Wouldn't gamers and non-gamers alike appreciate a good shake-up to the typical syllabus? Even this variation on the traditional dreaded quiz seems a vast improvement: "Last semester in our Theory and Practice of Game Design class I was planning to hide some quiz answers, taped to the bottom of chairs in each zone. They still had to match the answers to the questions, but they were encouraged to trade the information with one another. This directed their preparation for quizzes, forcing them to study when ordinarily many wouldn’t bother."
Sheldon's classroom game mechanics might address an interesting group dynamic that social psychologists call social loafing, or free-riding, the phenomenon in which individuals exert less effort on collective tasks than they would on individual tasks. How clever, then, to create guilds that are responsible for performing collective tasks, for which individuals and groups get evaluated, in the context of a classroom.
Sheldon wrote on his blog, "Every few classes guilds move to a new zone (so slackers can’t cluster at the back for an entire semester!), and receive extra credit for answering questions regarding the person it is named after. Since they don’t know the questions in advance, they do research on their own."

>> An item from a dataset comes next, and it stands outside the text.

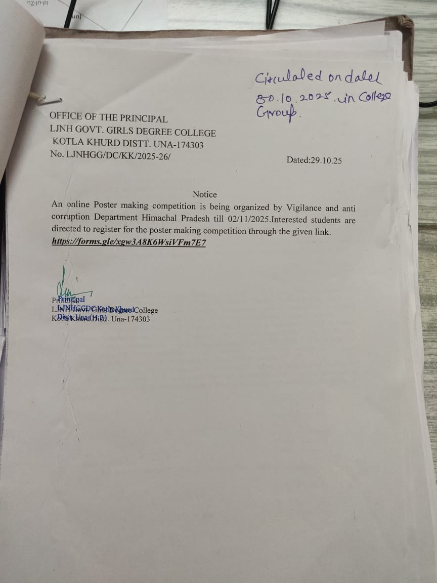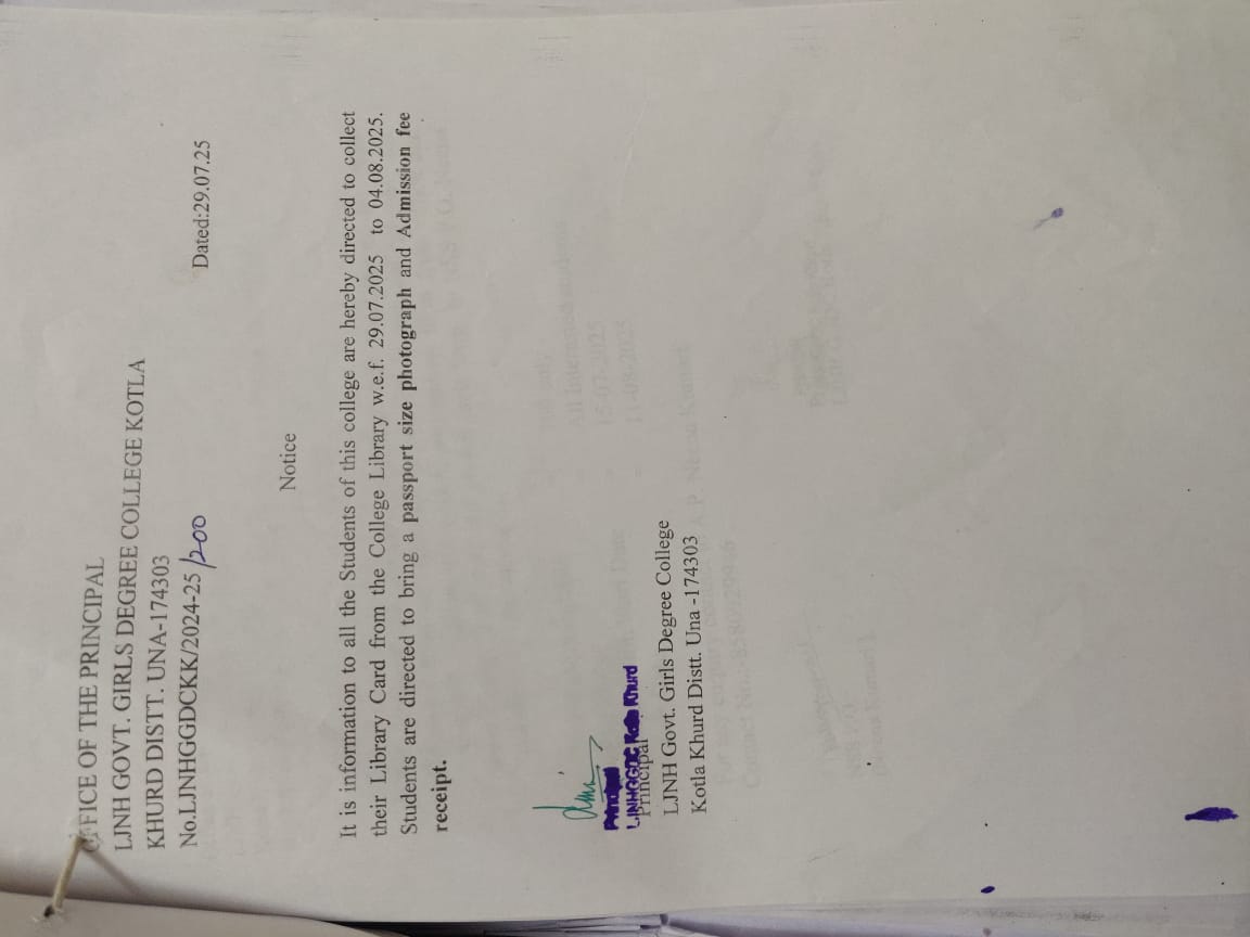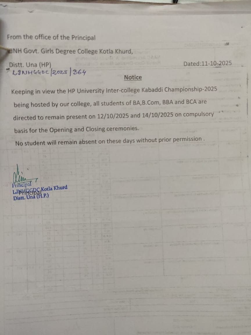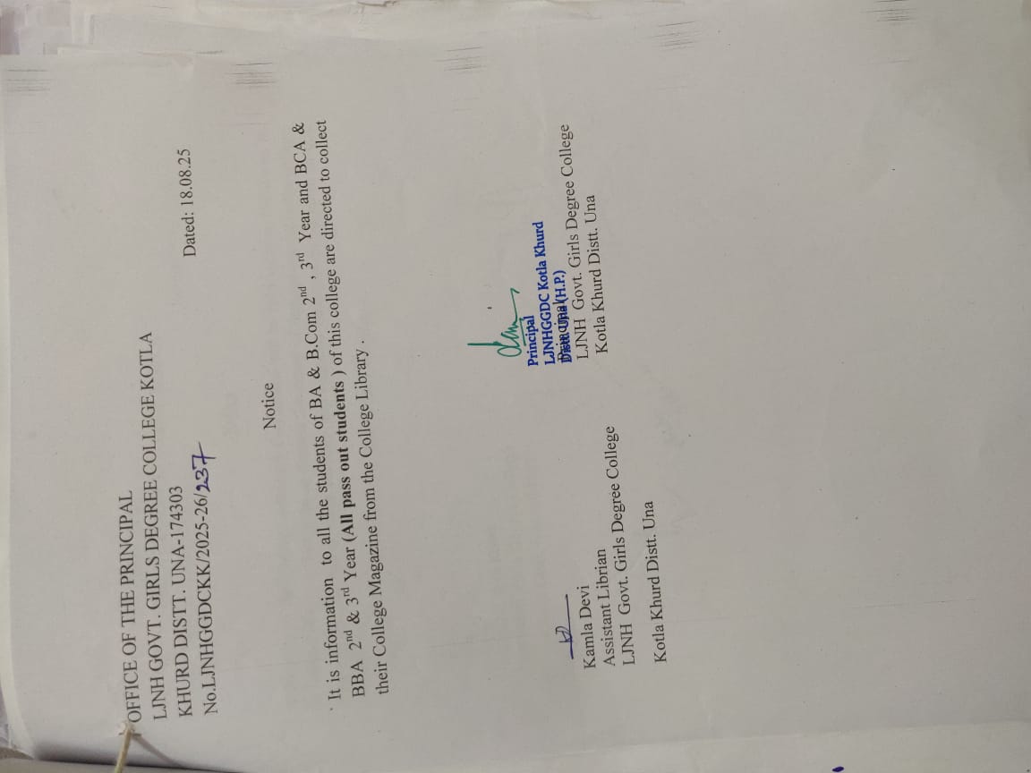 Govt. Degree College Kotla Khurd came into existence on 29th July,2020 when the Government of Himachal Pradesh took over the erstwhile LJNH Kanya Mahavidyalya,which was an intiative of Himotkarsh Parishad. The journey began in 2004 with the noble objective of providing Higher Education in secure environment for Girls. Thousands of Girls have passed out since then many of them have made their alma mater proud with their accomplishments. the college inspires our students to embody the virtues of true soldiers, defending and preserving our cherished traditions and culture. It holds a special place in the hearts of our alumni, who fondly remember their alma mater. Offering education in Arts, Commerce, BCA, BBA, A PG Diploma in comuter Applications is also available for the interesting students.our institution is dedicated to nurturing students’ recognition of the divine within themselves and others, fostering respect for the dignity and uniqueness of each individual. We prioritize quality education, discipline, and holistic personal development, supported by our dedicated faculty and staff.

In my experience, most students come into a classroom, pick a seat, and that's their territory for the entire semester. And I understand why: we find friendly faces, we get comfortable with our neighbors, we like the view out the window, we need a plug outlet, and it's just easier not to renegotiate that sometimes awkward ritual of finding a place to sit. So belonging to a guild that periodically moves is a nice hybrid, a way to balance comfort with change.
Social loafing literature has identified the causes of free-riding, but the real implications are in learning what motivates people to participate. So often professors assign group projects that may or may not mimic real-world collaborative efforts, and participation in these group is, in my experience, usually uneven. Rarely have I worked on a project in which each person has contributed a fair share, and in classes that involve technical skill, people usually take on tasks in which they already excel. We are remarkably adept at pouring efforts into the item that gets the grade, and most group work seems more a process of coordination than collaboration. What I like about Sheldon's syllabus is that the collective tasks have sufficient focus, with some tasks being almost incremental, providing opportunities for different types of leading or following to occur in response to the task at hand or the longer-term goal.
What struck me most about Sheldon's class, though, was thinking about students' motivation to pay attention and participate, particularly in terms of the laptop-in-the-classroom debate. The laptop would be a tool in this class, useful when needed, but otherwise too distracting. It may even be detrimental to the success of the guild if it distracted individual members from the group's collective tasks. I understand professors who don't want laptops in their classrooms, but why stop there? Shouldn't the phones go too? And the windows? Most of all, maybe we should check how tired students are. I am at my least engaged and participatory, with no chance of paying attention, when tired.
I plan to follow Sheldon's blog, to see what else develops in his classrooms and others that may try something similar. How do you think game mechanics would work in non-game design classes? How would you go about applying something like this to your own classes? If anyone has tried anything like this, I would be curious to hear about it here, or over at Gaming the Classroom.